Oh glory, I’m angry. Aren’t you angry?
Sure you are. But why are we so angry?
We’re angry because of the social and political climate in this country.
Things ain’t the way they used to be or so it seems.
The values of our homes are not appreciating over time like they used to.
We don’t seem to have as much money as we used to.
We don’t seem to have the jobs we used to have.
And those damn politicians –– they’re the worst. They don’t fight for us like they used to.
The status quo just isn’t doing it.
As a result, come November, we as a people are ready to cast our ballots, yeah?
We can’t just witness the change –– we need to BE the change.
Absolutely. We need to channel our anger into making that change.
However, we need to channel that anger appropriately. That’s especially difficult right now, not only because of the extreme partisanship in politics.
There’s an extreme partisanship in our national discourse, spurred by the mainstream media and perpetuated by us, the citizenry, who eat out of the media’s hands.
The media has misplaced our anger, and we need to do some sifting through its muck to figure out what exactly we are angry about.
I have been doing some sifting because of my frustration with these problems.
There are at least three issues I’ve found in our national discourse, that I believe are misdirecting our general frustration.
Addressing these issues could potentially be analgesic and not only for our national discourse and national politics but also for our national sanity.
I’ll frame these three issues as “reasons not to vote.” They’re issues that make us angry but they’re also issues that are disconnected from our country’s problems. I hope they’re as sobering for you as they are for me.
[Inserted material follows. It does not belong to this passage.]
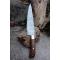 Couteau de cuisine style Chef - Longueur du manche 11cm - Longueur de la lame 20cm - Construction d'une seule pièce - Full Tang - Lame en Acier damas 256 couches - Plaquettes du Manche en bois - Mosaic pins - Mitres en laiton - Fabrication artisanale - Le dessin de la lame est unique comme une empreinte
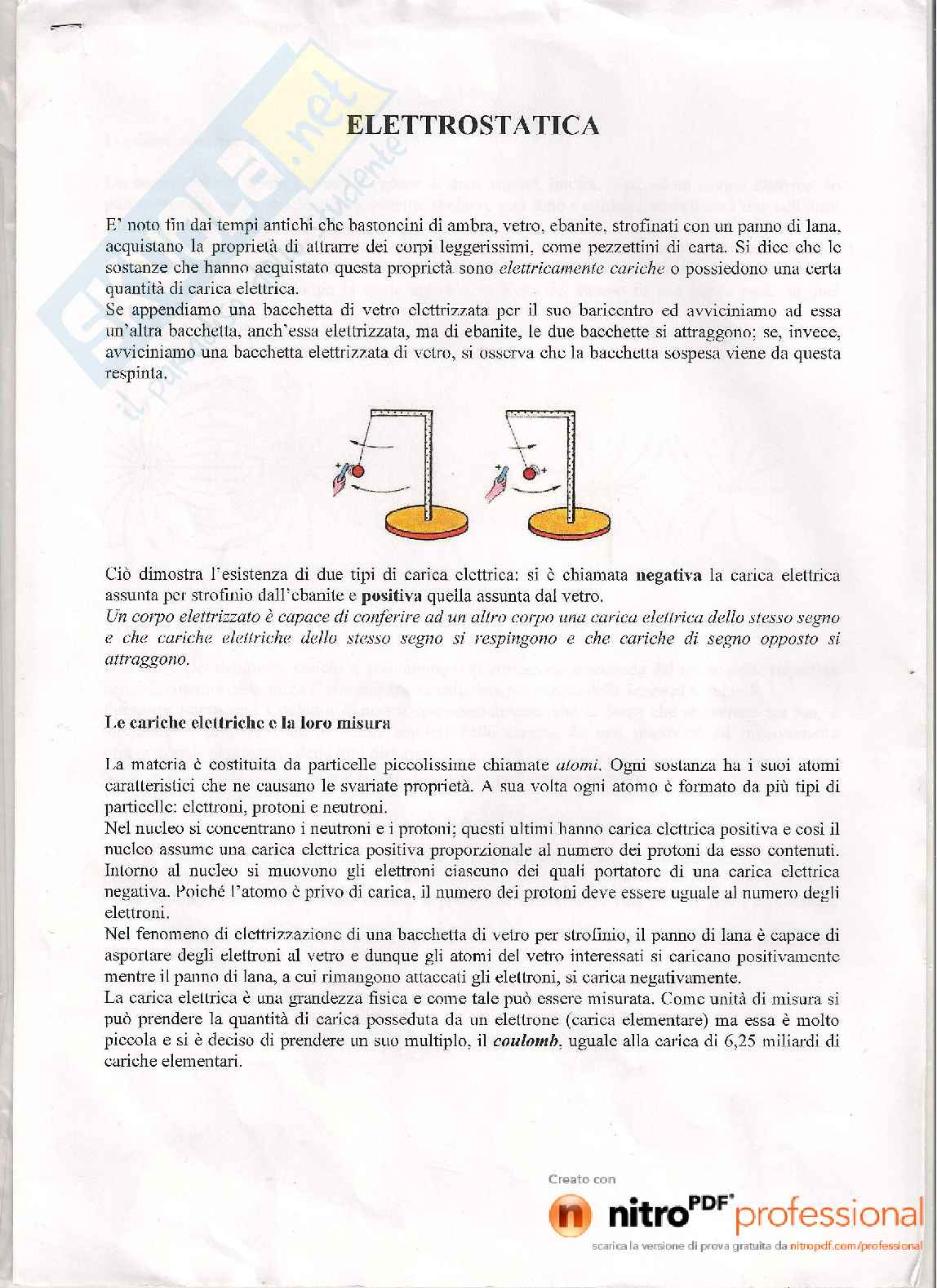 Elettrostatica: le cariche elettriche e la loro misura, il campo elettrico, la legge di Coulomb, conduttori, potenziale elettrico, capacità elettrica, condensatori, condensatori in serie, condensatori in parallelo.

Issue one: don’t vote because America is a “Christian nation.”
It’s not, even though people like Sarah Palin say things like –– incoherent as this is –– “hearing any leader declare that America isn’t a Christian nation… it’s mind-boggling to see some of our nation’s actions recently, but politics truly is a topic for another day” (ABC News, April 20).
Sure, “Christian values” could have influenced America’s ethical philosophies. Yes, the Massachusetts Bay colonies were founded by Puritans.
However, we have to remember why those Puritans fled to America in the first place: religious persecution. They didn’t have freedom of expression under the state–imposed religion of England.
Freedom of expression means freedom of religion –– it’s in the First Amendment to the Constitution.
To consider America a “Christian nation” is to consider the First Amendment to the Constitution in a state of legal limbo. It’s also a borderline revocation of rights, for people not of Christian faith.
And valuing some people’s rights over others won’t protect our country’s freedom or remedy our country’s problems.
Issue two: don’t vote because taxes are too high. They’re not.
Pat Toomey, the Republican nominee for Senate in Pennsylvania, declared in an op–ed on his Web site, “We need to stop passing legislation with billions of dollars in tax increases.”
In fact, federal taxes are lower than they were during the Bush administration, even with the Bush tax cuts still in place.
This is because American Recovery and Reinvestment Act of 2009 (colloquially “the stimulus bill”), as noted by The New York Times on October 18th, “decreased income taxes by up to $400 a year for individuals and $800 for married couples.”
Furthermore, federal taxes will not increase come January with the expiration of the Bush tax cuts unless, of course, you’re in the wealthy upper echelon of society –– of those raking in, as couples, $250,000, and as individuals, $200,000 or more a year.
If we vote to extend the tax cuts for this group, the wealthiest three percent of Americans, we vote to continue enlarging the federal deficit. And enlarging the federal deficit certainly won’t cure America’s economic woes.
Issue three: don’t vote because Fox News or MSNBC tells you to.
Although they’re a quick and easy source for news, neither of them is ever entirely reliable.
One spins a sensationalist conservative narrative of the news, the other a sensationalist liberal narrative.
One is owned by News Corp., the other by NBC Universal –– both multinational conglomerates whose business (and thus political) interests have little to do with providing you with enough information to be an unbiased, informed citizen.
Fox News and MSNBC aren’t giving information that will help you make a reasoned decision, by and large.
They’re giving you information that will encourage you to vote in ways that further their monetary interests, and/or the political interests of their owners. And their owners are the owners of these three issues.
Don’t let the owners of these three issues own your vote.